The complicated code below (difficult to read mainly because it builds off of elements of the Grid class that I never exposed or expected to expose) shows the digging. It returns a tuple with win-loss “scores”, and the moves it took to reach that outcome. The “scores” are actually a pair of scores: the first is based on the outcome (win/loss/tie — though wins with fewer moves are given higher scores) and the second is based on how many more ways the AI could have won (and how close it was) vs. the player. Since many outcomes can be the same (win in same number of moves), I use the relative number of paths and closeness to victory as a tiebreaker.
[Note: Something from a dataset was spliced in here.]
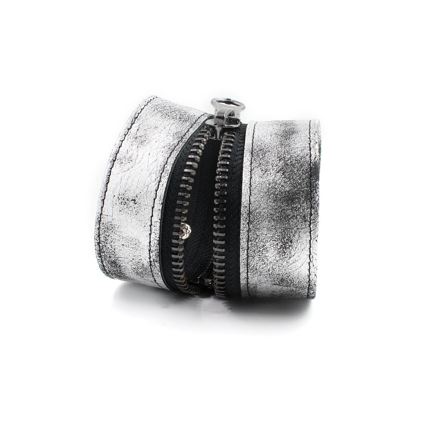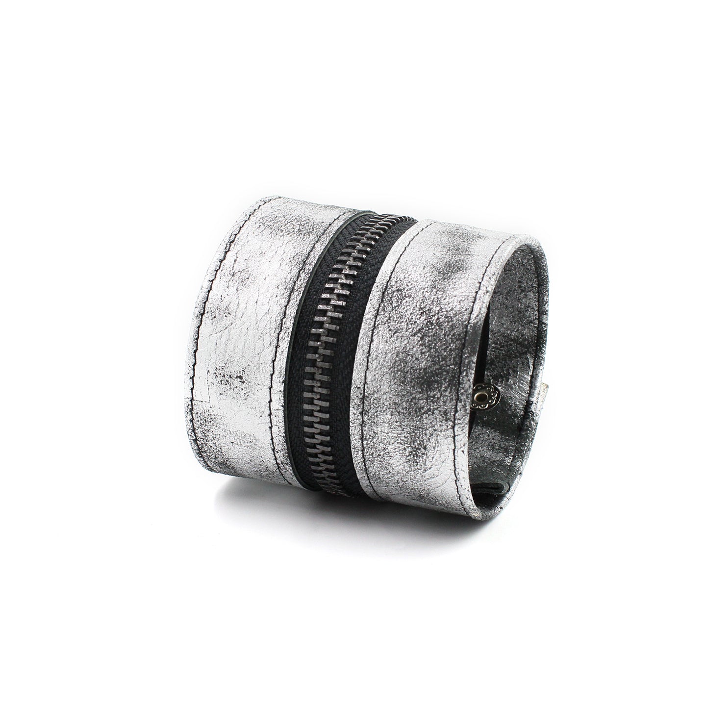 Black inner zipper with gunmetal teeth. Genuine distressed metallic silver/black leather outer bracelet. Black topstitch. Black snaps. Gunmetal classic zipper pull.

def dig(move, grid, depth, XO, move_acc):
    if depth == 0 or grid.winner():
        win_flag = 0

        if grid.winner() == self._XO:
            win_flag = sys.maxint - len(move_acc)  # short wins best
        elif grid.winner() == self._flip_player(self._XO):
            win_flag = -1  # losses are worst

        # remember that victory_routes are centered around 0
        adj_victory_route = map(lambda x: x * self._multiplier,
                                grid._victory_routes)
        opponent_closeness = min(adj_victory_route)
        opponent_ways = adj_victory_route.count(opponent_closeness)
        player_closeness = max(adj_victory_route)
        player_ways = adj_victory_route.count(player_closeness)
        diff = (player_closeness * player_ways +
                opponent_closeness * opponent_ways)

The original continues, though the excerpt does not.